The Supreme Court has radically expanded President Donald Trump's executive power, but its latest ruling may have inadvertently handed Democrats and progressives a powerful weapon against the GOP, legal columnist Jason Willick argued in a Sunday op-ed.

That ruling was the court’s decision last week in Trump v. Slaughter, which significantly expanded the president’s control over independent federal agencies by allowing him to remove officials at will. The ruling overturns a landmark 1935 ruling that prevented former President Franklin D. Roosevelt from ousting a Republican who stood in the way of his progressive New Deal economic agenda.

As such, Willick argued in an op-ed published in The Washington Post, Democrats and progressives may be well poised to enact an agenda of their choosing once they reclaim the White House.

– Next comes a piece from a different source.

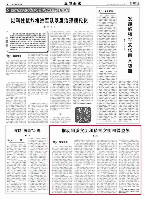 推动物质文明和精神文明相得益彰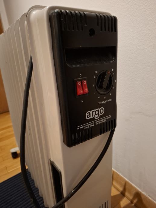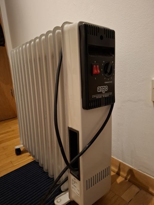 Uljni radijator ARGO, ispravan, 11 rebara + glavni dio, rebro s prekidačima i termostatom.

“Independent agencies thrived in the mid-20th century, when the United States was unified enough that many government functions could be framed as apolitical. The agencies also coexisted with Democrats’ ‘neoliberal’ vision of the economy, in which technocratic regulators would manage capitalism with a (relatively) light touch,” Willick wrote.

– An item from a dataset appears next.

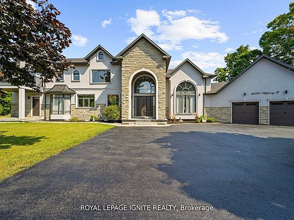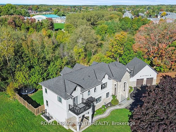 Welcome to this stunning custom-built estate home, just over five years new! Over 5000 sq ft of living space. This luxurious 5 +1 bedroom, 6 bathroom residence offers exceptional design, premium finishes, and a peaceful setting with Ravine views. Commercial zoning as well in Courtice Secondary Plan. Step into the grand foyer with soaring 22-foot ceilings, setting the stage for the open, light-filled interior. The living room features dramatic 18-foot ceilings and a striking gas fireplace, creating a warm and elegant space to relax or entertain. A wide staircase with sleek glass railings adds to the modern aesthetic. The chef's kitchen is a showstopper, complete with a 10-foot waterfall island, gas stove, and high-end stainless steel KitchenAid appliances ideal for gourmet cooking and hosting. Upstairs, three spacious bedrooms each feature their own ensuite bathroom, offering comfort and privacy for all. The primary suite includes a large walk-in closet, a luxurious 5-piece ensuite, and breathtaking views of nature. A versatile fourth & fifth bedrooms are conveniently located on the main floor. Newly renovated basement with separate entrance. Massive living/dining space. New stainless steel appliances. Huge bedroom with a walk-in closet and window. Step outside to enjoy a private deck and a massive backyard overlooking a tranquil creek perfect for relaxing or entertaining in a natural setting. View of the meandering creek and mature trees from the private backyard. Located close to all amenities, including shopping, dining, schools, and places of worship. Commuters will love the easy access to Highways 401, 418, and 407, with GO Transit and Durham Region Transit right at your doorstep. Millennium Trail access. Walk to the Courtice Rec Centre with a pool and Library. Don't miss this rare opportunity to live in a truly one-of-a-kind property that blends luxury living with everyday convenience!

“Neither of those two conditions operate today. The country is sharply polarized, so Democrats and Republicans increasingly make demands of regulated companies that are incompatible. The prospect of a bipartisan, multimember body arriving at an expert consensus on a politically charged merger, or climate regulation, or a race-conscious hiring initiative, seems remote.”

As a result, federal agencies are likely to “now be even more potent partisan tools,” Willick argued, something he suspected “many on the left will come to embrace.”

“Like Roosevelt, the next Democratic president won’t have much time for legacy Republican commissioners trying to frustrate their agencies’ progressive advance,” Willick wrote.